AI techniques such as object detection and segmentation offer unique possibilities to help radiologists identify issues faster and more accurately, which can translate to better prioritization of cases, better outcomes for more patients, and reduced costs for hospitals.

However, AI for medical imaging is often challenging because the information is often high-resolution and multi-dimensional. Down-sampling images to lower resolutions because of memory constraints can cause misdiagnoses, unless the biomarkers are preserved. Once an AI model is trained to acceptable levels of accuracy, it needs to be incorporated into the imaging modality architecture. Given how large radiology images typically are, it is critical to be able to process these images efficiently without slowing down radiologists’ workflows or impacting the accuracy of the models.

Making the Right AI Hardware Choice

Until recently, there was one prominent hardware solution to accelerate deep learning: graphics processing units (GPUs). By design, GPUs work well with images, but they also have inherent memory constraints that data scientists have had to work around when building some models.

Today, data scientists have another option. With the introduction of Intel Xeon Scalable processors in 2017, more complex, hybrid workloads could be accelerated, including larger, memory-intensive models typically found in medical imaging. For a large subset of AI workloads, Intel and Philips found that Intel Xeon Scalable processors can better meet data scientists’ needs than GPU-based systems. This enables Philips to offer AI solutions at lower costs to its customers.

Test Results: Optimizing Two Deep Learning Models for Inference

Philips is developing sophisticated deep learning models for segmenting regions of interest on medical images and for medical-image classification. This case study describes use cases for optimizing the deployment of two deep learning models developed by Philips.

Use Case 1: Bone-Age-Prediction Model

The first model takes inputs from X-ray images of human bones, such as a wrist, along with a patient’s gender. The inference model then determines a predicted age from the bone, in order to help identify medical conditions that lead to bone loss. For example, if the predicted age for a younger patient is less than the actual age, the patient could be suffering from malnutrition. The trained model from Philips is based on the Xception* architecture.

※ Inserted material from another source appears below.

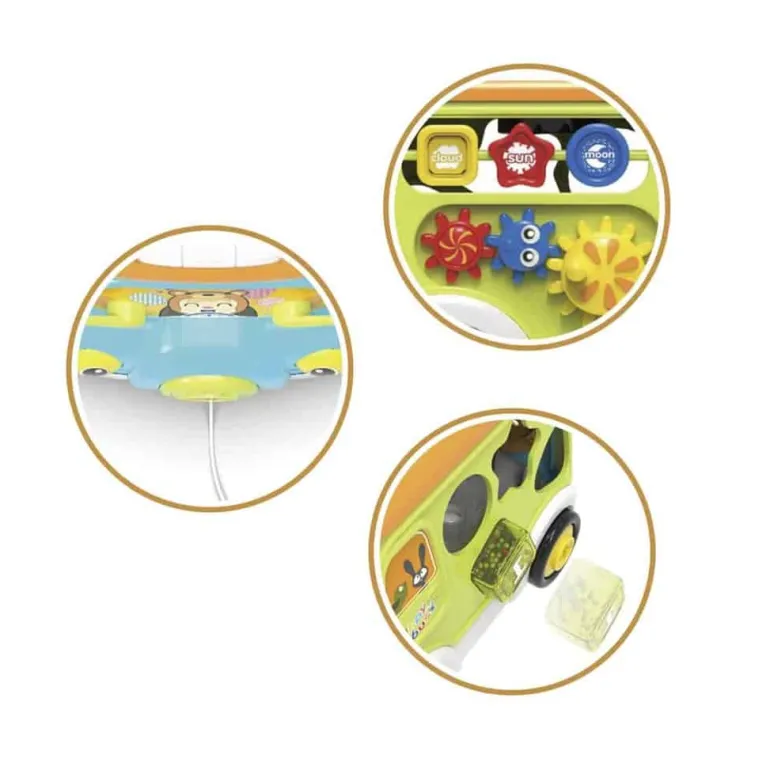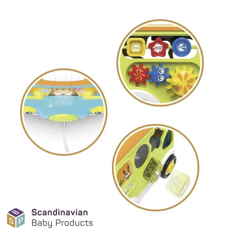 Sjov og lærerig aktivitets-bus fra Scandinavian Baby Products. Bussen har mange funktioner: put-i-hul kasse, spil sjove melodier, spil klaver, skru hjulene af med den tilhørende skruetrækker eller træk bussen efter dig. Batterier isættes øverst på bussens tag ved at fjerne lågen med en rigtig skruetrækker. Dette skal håndteres af en voksen, og lågen skal lukkes korrekt efter batteriskift.

Use Case 2: Lung-Segmentation Model

The second inference model identifies the lungs from a CT scan of a patient’s chest, and it then creates a segmentation mask around the detected organ. The results can be used to measure size and volume of the lungs or to load organ-specific disease screening models for tuberculosis or pneumothorax detection, for example. In addition, by isolating the lung in the image, a radiologist can have a clearer anatomical view of the organ, free of distraction from other structures. The trained model from Philips is based on the popular U-Net* topology.

Test Procedure

For both inference models, engineers first took baseline measurements without optimizations. Then, various optimizations were applied, as described below.

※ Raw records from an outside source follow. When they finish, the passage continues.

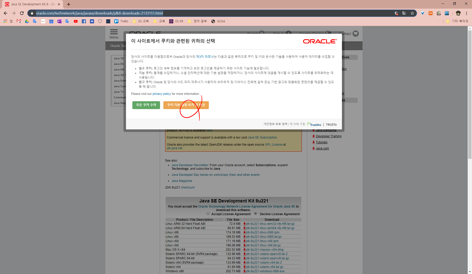 2. 설치 전 Oracle사이트 내 쿠키 수락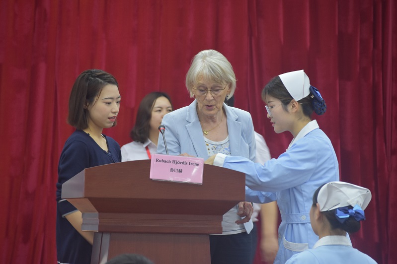 5月17日上午,在省厅及学校领导的陪同下,德国养老护理专家鲁巴赫女士,参观了护理实训室的教学场地、教学设备,并对我校在第45届世界技能大赛中国选拔赛和护理技能大赛中取得的优秀成绩赞不绝口。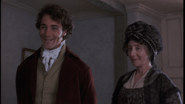 Not everyone takes John’s deathbed promise seriously. Fanny, a vinegary, selfish woman, talks John out of giving the Dashwoods money, so these poor women will have to make do on five hundred pounds a year. The next thing for them is to find a suitable house and move out. It takes some doing, but the Dashwoods finally rent a cottage in Dover on the estate of Sir John Middleton (Robert Hardy), who lives with his widowed mother-in-law, Mrs. Jennings (Elizabeth Spriggs). The rent is low and they have an automatic set of new friends, since Sir John and Mrs. Jennings wouldn’t dream of their neighbors being lonely.

All testing was performed on a two-socket system powered by Intel Xeon Platinum 8168 processors. Full configuration details are provided in Appendix A.

Baseline Performance Measurements

Baseline measurements using inference based on Keras* and TensorFlow* were as follows:

  • Bone-age-prediction model: 1.42 images per second
  • Lung-segmentation model: 1.9 images per second

Optimizing the AI Models for Deployment

The following optimizations were performed to maximize performance for the inference models.

1. Using the OpenVINO Toolkit

Inference models for both use cases were optimized using the Intel® Deep Learning Deployment Toolkit (DLDT), which is a part of the OpenVINO toolkit. Figure 1 shows the inference workflow, from a trained deep learning model to model optimization and inference execution.

Legend
IR = Intermediate representation
BN = Batch normalization
Intel® MKL-DNN = Intel® Math Kernel Library for Deep Neutral Networks
clDNN = Compute Library for Deep Neural Networks
Intel® DLA = Intel® Deep Learning Acceleration Suite
FPGA = Field-programmable gate array

Figure 1. The Intel® Deep Learning Deployment Toolkit (part of the OpenVINO™ toolkit) optimizes the trained model, performs inference analysis, and provides an API for applications to use to send data to the inference engine

The Intel Deep Learning Deployment Toolkit contains two major components: the Model Optimizer and the Inference Engine. Philips* models—trained in Keras and TensorFlow—were first run through the Model Optimizer.
The Model Optimizer performs optimizations on the neural network graphs, such as node merging, batch normalization elimination, and constant folding. The resulting output is an intermediate representation (IR) .xml file and a .bin file that contains the model weights. Model optimization is a onetime, offline process.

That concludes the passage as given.